Data for processing →
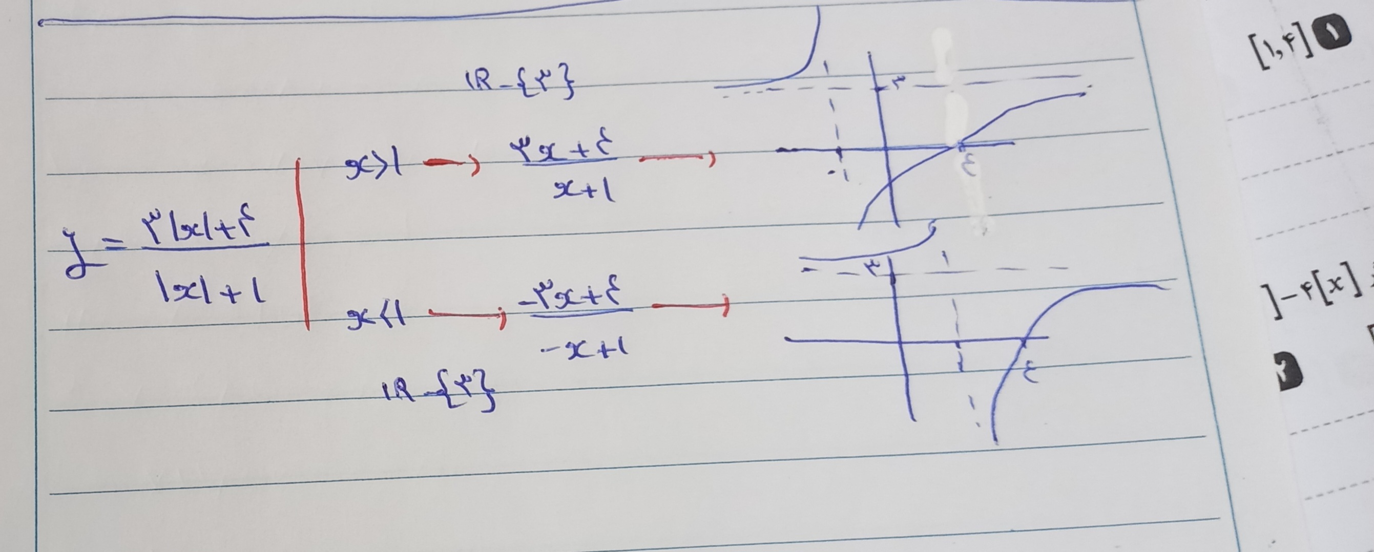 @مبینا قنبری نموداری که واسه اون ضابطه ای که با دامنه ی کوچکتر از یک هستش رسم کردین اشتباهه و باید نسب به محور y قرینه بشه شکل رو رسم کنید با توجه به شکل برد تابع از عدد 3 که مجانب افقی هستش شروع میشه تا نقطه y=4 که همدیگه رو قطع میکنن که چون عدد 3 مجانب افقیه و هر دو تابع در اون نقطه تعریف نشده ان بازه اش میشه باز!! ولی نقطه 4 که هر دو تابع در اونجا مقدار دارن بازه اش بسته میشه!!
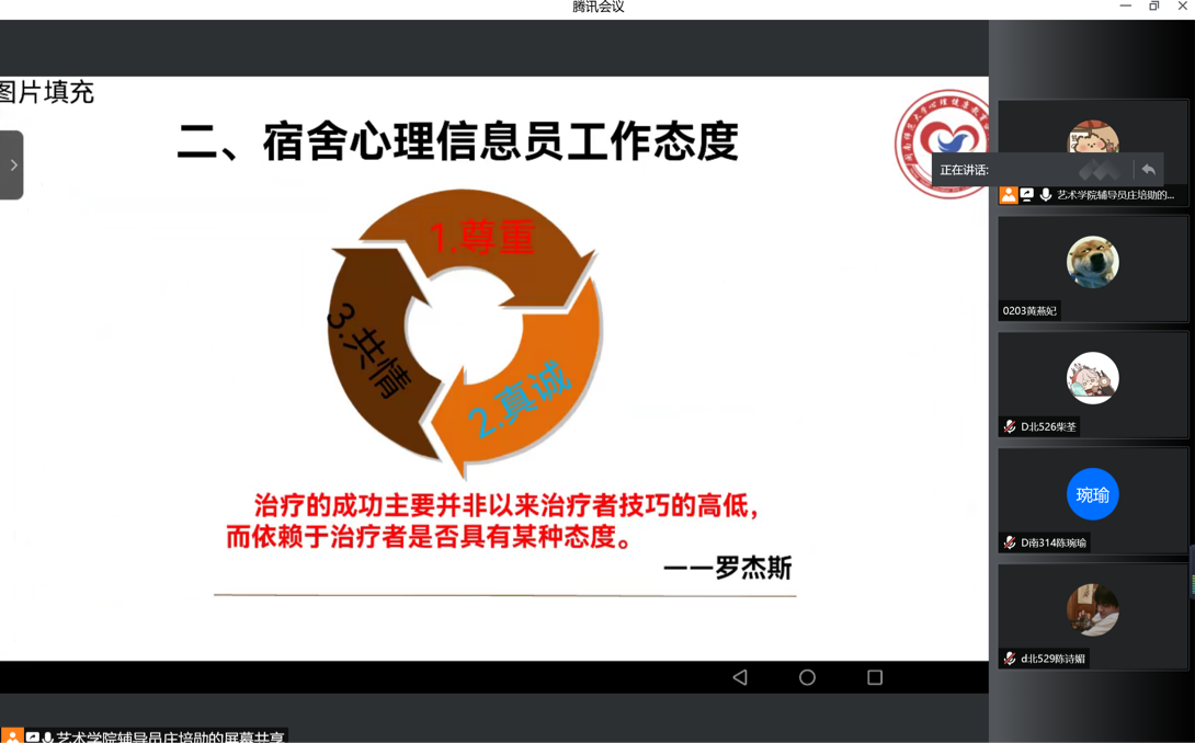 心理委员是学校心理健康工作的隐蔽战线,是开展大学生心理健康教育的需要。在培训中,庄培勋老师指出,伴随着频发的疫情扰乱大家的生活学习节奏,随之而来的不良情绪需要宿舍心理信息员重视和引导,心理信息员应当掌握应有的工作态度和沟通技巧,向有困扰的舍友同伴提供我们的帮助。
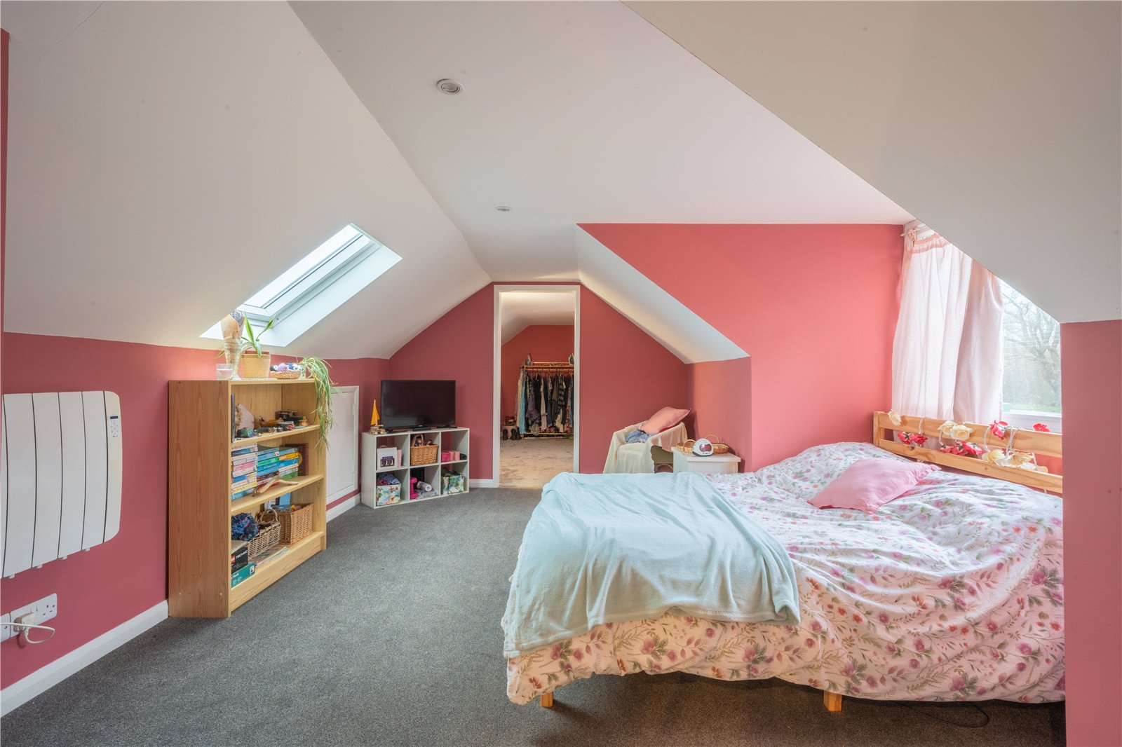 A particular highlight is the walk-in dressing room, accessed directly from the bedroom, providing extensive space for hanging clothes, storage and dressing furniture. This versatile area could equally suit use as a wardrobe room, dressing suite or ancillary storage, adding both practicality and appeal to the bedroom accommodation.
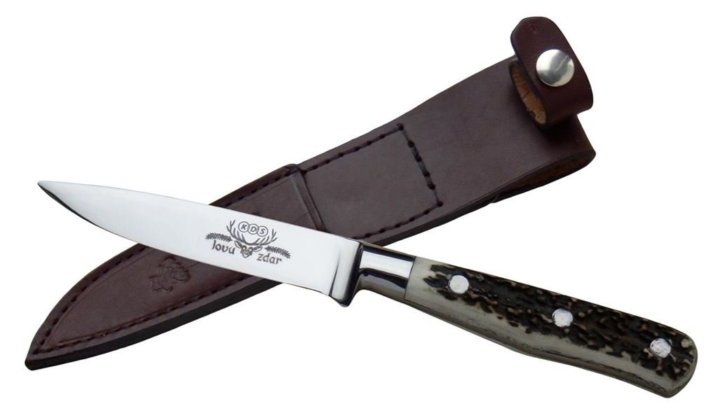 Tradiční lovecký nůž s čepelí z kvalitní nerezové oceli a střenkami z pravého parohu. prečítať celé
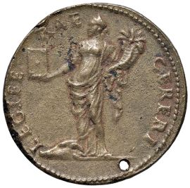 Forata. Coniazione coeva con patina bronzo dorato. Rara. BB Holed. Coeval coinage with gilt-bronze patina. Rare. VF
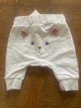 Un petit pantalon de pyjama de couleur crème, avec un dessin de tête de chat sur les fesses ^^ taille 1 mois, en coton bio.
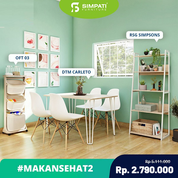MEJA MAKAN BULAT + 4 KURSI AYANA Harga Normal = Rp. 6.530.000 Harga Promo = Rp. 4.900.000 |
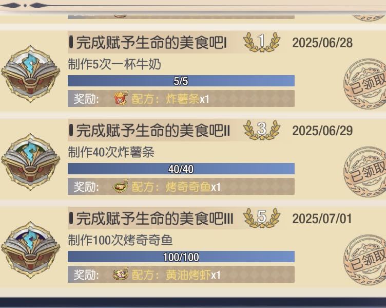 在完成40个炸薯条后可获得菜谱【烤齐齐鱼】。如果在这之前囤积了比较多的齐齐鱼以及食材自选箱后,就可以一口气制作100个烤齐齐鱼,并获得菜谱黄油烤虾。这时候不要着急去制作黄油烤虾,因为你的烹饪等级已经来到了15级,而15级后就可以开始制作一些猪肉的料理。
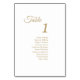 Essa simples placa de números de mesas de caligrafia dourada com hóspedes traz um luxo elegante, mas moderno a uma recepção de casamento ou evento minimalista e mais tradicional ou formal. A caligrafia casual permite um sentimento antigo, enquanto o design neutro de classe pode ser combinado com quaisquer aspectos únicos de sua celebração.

Action item → Repeat only the stretch of data above that runs from the line with "Forata. Coniazione coeva" to the line with "在完成40个炸薯条后可获得菜". Keep both end lines; exclude pictures.

Exercise solution →
 Forata. Coniazione coeva con patina bronzo dorato. Rara. BB Holed. Coeval coinage with gilt-bronze patina. Rare. VF
 Un petit pantalon de pyjama de couleur crème, avec un dessin de tête de chat sur les fesses ^^ taille 1 mois, en coton bio.
MEJA MAKAN BULAT + 4 KURSI AYANA Harga Normal = Rp. 6.530.000 Harga Promo = Rp. 4.900.000 |
 在完成40个炸薯条后可获得菜谱【烤齐齐鱼】。如果在这之前囤积了比较多的齐齐鱼以及食材自选箱后,就可以一口气制作100个烤齐齐鱼,并获得菜谱黄油烤虾。这时候不要着急去制作黄油烤虾,因为你的烹饪等级已经来到了15级,而15级后就可以开始制作一些猪肉的料理。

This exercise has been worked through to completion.